Almanya ve Türkiye arasındaki ticaret ve yatırımlar, yakın zamanda yürürlüğe girecek iki düzenlemeden etkilenecek. İlkinde, Türkiye’de meydana gelen insan hakları ihlalleri ve çevreye verilen zarardan Türkiye’de iş yapan Alman şirketleri de sorumlu tutuluyor. Diğeriyse Avrupa Birliği’nin (AB) sınırda karbon vergisi uygulaması.
Almanya ve Türkiye, birbirlerinin önemli ticaret ortaklarından. İki ülkenin, bu ortaklığına yeni yılda da devam etmesi bekleniyor.

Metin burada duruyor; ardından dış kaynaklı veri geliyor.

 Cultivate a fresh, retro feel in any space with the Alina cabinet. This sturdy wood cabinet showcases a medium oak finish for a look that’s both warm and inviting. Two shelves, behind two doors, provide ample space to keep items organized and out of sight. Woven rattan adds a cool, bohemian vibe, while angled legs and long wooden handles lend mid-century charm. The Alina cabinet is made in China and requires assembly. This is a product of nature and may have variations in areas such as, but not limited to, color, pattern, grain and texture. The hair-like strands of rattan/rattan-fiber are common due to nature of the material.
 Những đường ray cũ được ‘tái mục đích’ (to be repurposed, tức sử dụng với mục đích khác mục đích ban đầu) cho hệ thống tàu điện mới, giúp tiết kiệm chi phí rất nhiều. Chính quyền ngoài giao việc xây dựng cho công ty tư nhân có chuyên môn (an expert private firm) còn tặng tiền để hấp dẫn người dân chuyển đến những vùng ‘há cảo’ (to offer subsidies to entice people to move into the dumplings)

Buna rağmen, Almanya’da ve Avrupa Birliği’nde yürürlüğe girecek iki düzenleme, ticari ilişkileri olumsuz etkileyebilir.
DW Türkçe’den Değer Akal’ın aktardığına göre bu düzenlemelerden ilki, Almanya’da 1 Ocak’ta yürürlüğe girecek ‘Alman Tedarik Zincirlerinde Durum Tespiti Yasası.’ Düzenleme, Alman şirketlerini, Türkiye gibi tedarik zincirlerinde yer alan ülkelerdeki insan hakları ihlalleri ve çevreye verilen zarar gibi durumlardan sorumlu hale getiriyor. Bu nedenlerden dolayı Alman şirketlerine dava açılabilecek. Davalarla uğraşmak istemeyen şirketlerse Türkiye’ye yönelik yatırımlarını gözden geçirmek durumunda kalacak.
Diğer bir düzenlemeyse AB’nin tamamında 1 Ekim 2023’te yürürlüğe girecek ‘Sınırda Karbon Vergisi Uygulaması.’ Bu, sanayi ihracatının yarısı AB’ye yapan Türkiye’nin belirli kollardan pazar kaybetmesine sebep olabilir.

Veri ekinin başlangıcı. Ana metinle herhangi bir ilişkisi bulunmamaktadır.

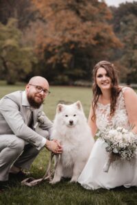 Die beiden hatten bereits ihren Simba an ihrer Seite – und haben ihr Quartett im November 2024 mit unserer Tea vervollständigt. Natürlich wurde auch hier die Hochzeit rundum hundefreundlich geplant. Denn wenn man „Ja“ sagt, dann bitte gemeinsam – mit Fellnase, Ringkissen und ganz viel Herz.

Habere göre Alman iş dünyasının gelecek yıl için Türkiye’yle ekonomik ilişkilere bakışı olumsuz.
Avrupalı yatırımcılar güvenmiyor
Almanya Başbakanı Olaf Scholz’un partisi SPD’ye yakınlığıyla bilinen Friedrich Ebert Vakfı (FES) Türkiye Temsilcisi Henrik Meyer’se, Türkiye’nin sanayi altyapısı ve genç nüfusuyla avantajlı bir konumda olduğunu ama Avrupalı yatırımcıların Türkiye’deki siyasi iktidara güven duymadığını söyledi.

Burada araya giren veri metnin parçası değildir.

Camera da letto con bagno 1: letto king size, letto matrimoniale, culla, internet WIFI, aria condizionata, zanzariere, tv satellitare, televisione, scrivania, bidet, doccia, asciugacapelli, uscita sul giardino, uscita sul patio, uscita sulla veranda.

Meyer, şunları dedi: “Türkiye müthiş sanayi altyapısı, eğitimli ve genç nüfusuyla aslında çok avantajlı bir konuma sahip. Ama anketlere göre, Avrupalı yatırımcılar Türkiye’deki siyasi istikrara çok güven duymuyor, çok yüksek enflasyon nedeniyle de geleceğe yönelik planlama yapamadıklarına işaret ediyorlar. Şayet Türkiye’de makroekonomik ve ekonomik istikrar tesis edilebilirse işte o zaman Türkiye bu küresel dönüşümden devasa boyutta fayda sağlayabilecek, Avrupa ekonomisi için önemi daha da artacak, şu anda olduğundan çok daha fazla Avrupa ekonomisine entegre olabilecek. Tek yapılması gereken istikrarın ve güvenin tesis edilmesidir.”